Primero sacamos la mesita de luz, después el televisor. Lo demás estaba en cajas de cartón. Una era muy pesada; entre los dos pudieron subirla a la camioneta.
Comentamos el día, el clima era muy agradable y además había salido el sol.
Entrábamos y salíamos de la casa cargando cosas, el vacío estaba en otro lado. “No hay mucho más que esto” repetía yo, como queriendo acelerar el vómito de muebles hacia la calle.
Ellos preguntaron si no me olvidaba de algo. “De muchas cosas no me olvido”, les dije.
Y entonces nos miramos dividiendo las sonrisas. No eran más que muecas fraccionadas, gestos que se quedan en la mitad porque más de ahí no se puede, no nos daban ganas de estirarlos.
Mis cosas empezaron a moverse entre los autos, atravesaban el centro de la ciudad lentamente, temblando en la intemperie. Tenían un destino específico; junto a mí, pero en otro lado, más cerca de las antenas de telefonía celular, a la vuelta de un supermercado con buenas ofertas.

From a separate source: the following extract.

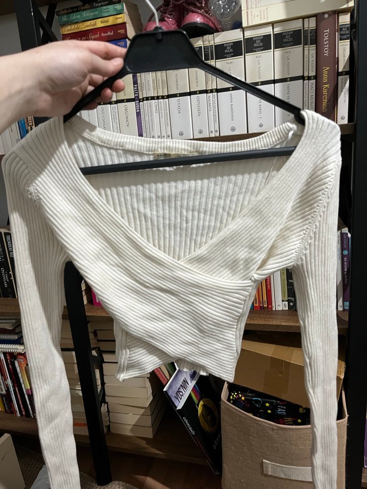 Beyaz renkli, V yaka kruvaze ve uzun kollu, triko kumaştan yapılmış, vücuda oturan kadın kazak. Rahat ve şık sokak stili için uygundur.
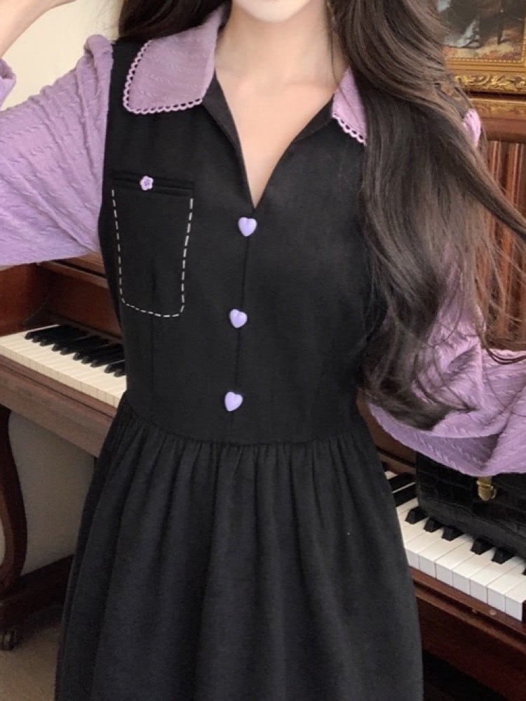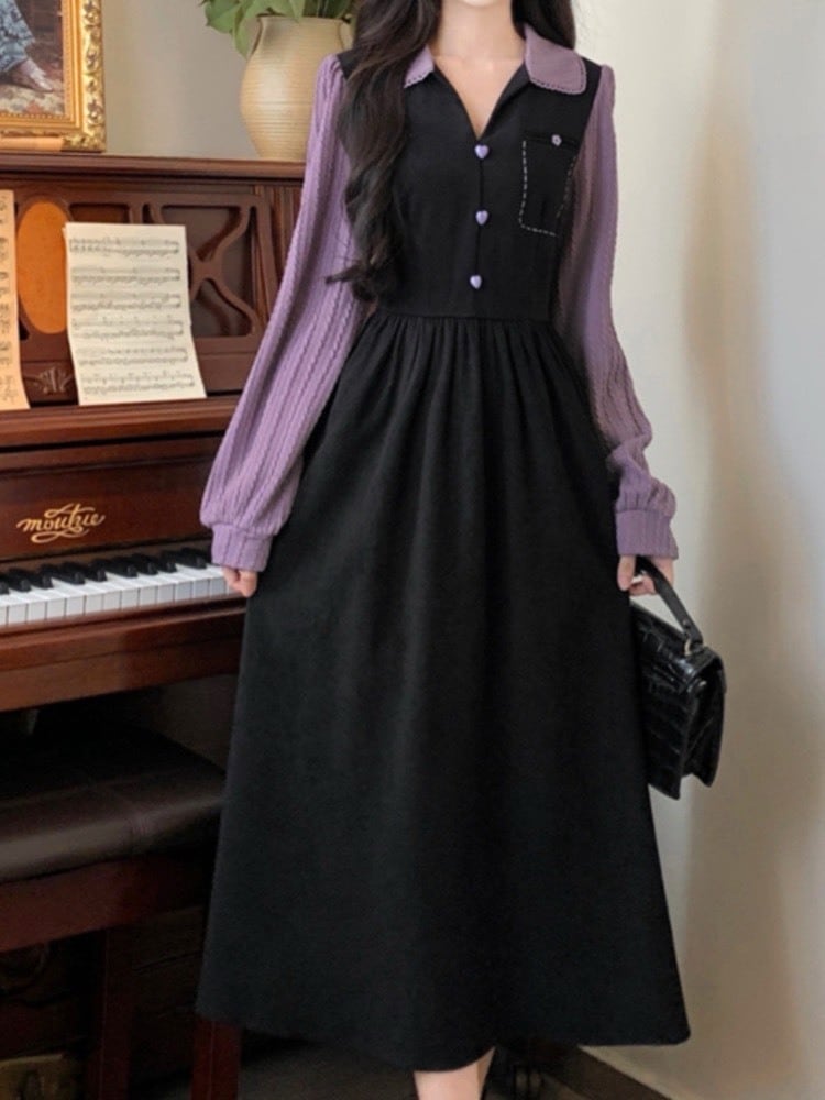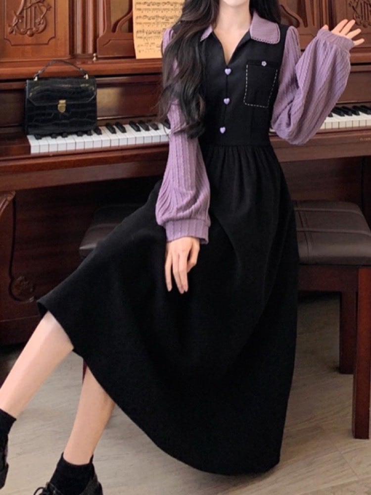 ブラック×ラベンダーの絶妙な配色が目を引く韓国っぽワンピースです。

Yo estaba preocupada. No sabía si entrarían en el ascensor. Tampoco sabía si iba a acostumbrarme a tenerlos en otro espacio.
Había que acomodar todo de nuevo, buscar el rincón, precisar el lugar donde dejaría olvidadas las cosas; encontrarle, una vez más, utilidad a los almohadones.
Cuando llegamos, parecía otro país: otra gente, otras coordenadas, otro paisaje desde la ventana.
Notamos que las paredes estaban recién pintadas. El sol delataba cualquier imperfección, incluso la nuestra.
Los tres pisábamos una superficie menor, un parquet limitado y sin encerar. Dibujamos involuntariamente un triángulo escaleno. Yo, que odiaba la geometría, encarnaba uno de los vértices.
Nos quedamos largo rato así, detenidos en algo parecido al dolor en tres dimensiones.
Se hicieron las 12 del mediodía y el sol me pegó en la cara. Fue la excusa perfecta para hablar otra vez del clima y de lo linda que seguramente se vería la ciudad desde otra altura.
Entonces subimos a la terraza, riéndonos.